周りには餓鬼のが10体ほどいる。3つ目の塀で戦うため兵たちはここにはいない。
「うわぁー、何をする、すぐに戻れ!こんなことをしてただで済むと思っているのか!」
喚き散らす男に、シャルが冷たい顔をむける。
「置き去りにしてもいいんだけど?ちょっと黙ってくれる?黙って、僕のリオを見て。それから、謝って。謝らないなら、僕たち国を出るから」
「はっ、どこまでも生意気な。国を出たければ勝手に出ろ。むしろ国外追放にしてやる!」
えーっと、えーっと、この男の人は一体だれなのか。
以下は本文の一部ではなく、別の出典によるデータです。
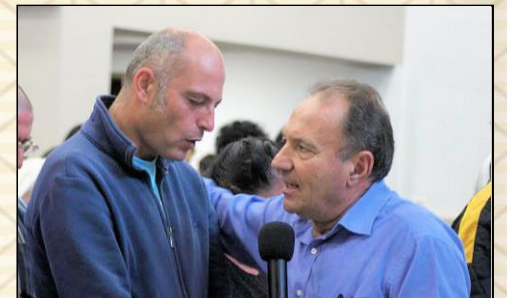
What a blessing to bring the Gospel to my fellow Italians who are hungry and thirsty for God.
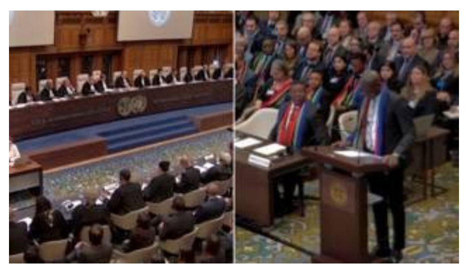
SEE THE TRANSCRIPT AT THE END OF THE NOTES . . .

https://www.democracynow.org/2024/1/11/south_africa_genocide_case_israel_gaza
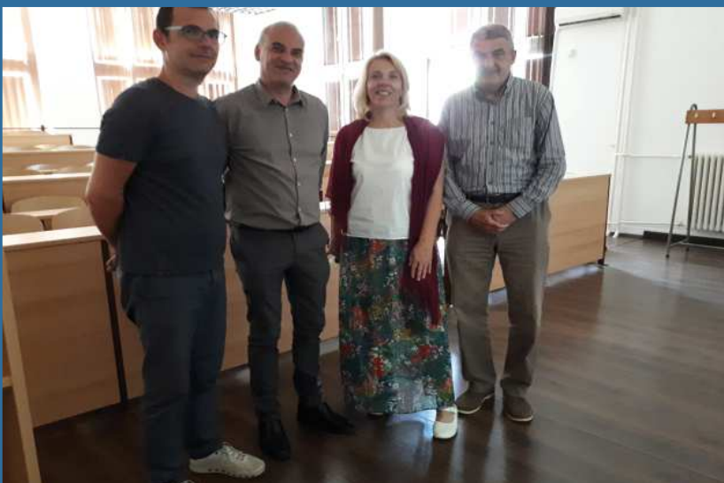
Department for Microbiology and Immunology
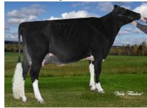
Jacobs Jasper Best VG-88
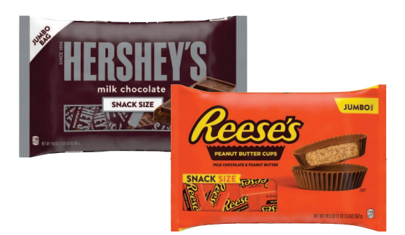
Hershey's Snack Size Candy
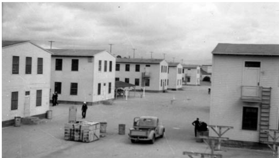
1952 – The crew lived here during the Rankin's recommissioning. Nice.
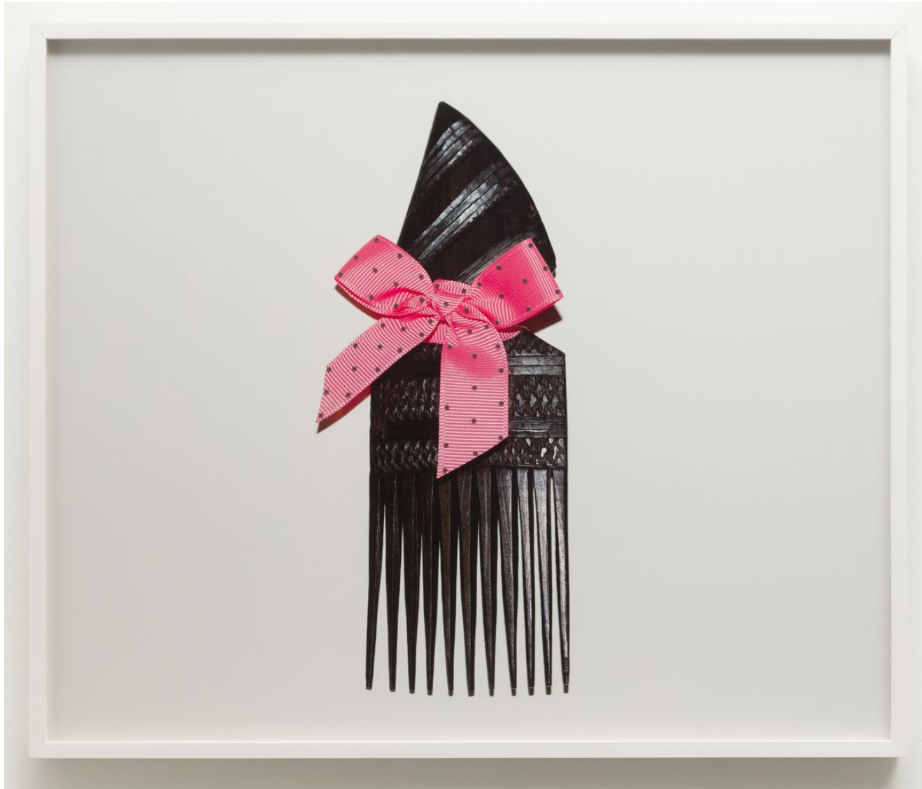
Untitled (Pick and bow) Archival pigment print and Swarovski crystals Paper: 37.5 x 45 in Framed: 38.5 x 46.5 in Unique 2019

私もムッとして言いたいこと言っちゃったけれど、シャルも言いたい放題だけど……。
国外追放なんてそんな……。
私のせいでシャルが……。
「ほら、リオ、来たよ」
振り返ると、餓鬼が2体近づいてきている。
「うわぁ、早く飛べ、飛べと命じている!」
男がシャルにしがみつく。
『ガガガガ』
餓鬼の唸り声に、男がひゃっと小さく飛び上がった。
「どうぞ。おいしいクッキーだよ」
餓鬼にクッキーを差し出す。
ぽんっ。
いつものように、音を立てて消えた。蓮の花の香りを残して。
「は?おい、何をした」
シャルの後ろに隠れていた男がぬっと姿を現し、私の手からクッキーを奪う。
「クッキー?何か特別なアイテムか?」
シャルがにやりと笑う。
「普通のどこにでもあるクッキーですよ、いえ、美味しいクッキーです」
もう1体の餓鬼に、最後のクッキーを差し出す。
「食べてね」
ぽんっと消える餓鬼を見て、男が笑った。
……いやぁ、どこにでもいますねぇ。威張り散らす人。
(´・ω・`)やだわぁ。
でもちょっと、リオもうっかりしてましたね。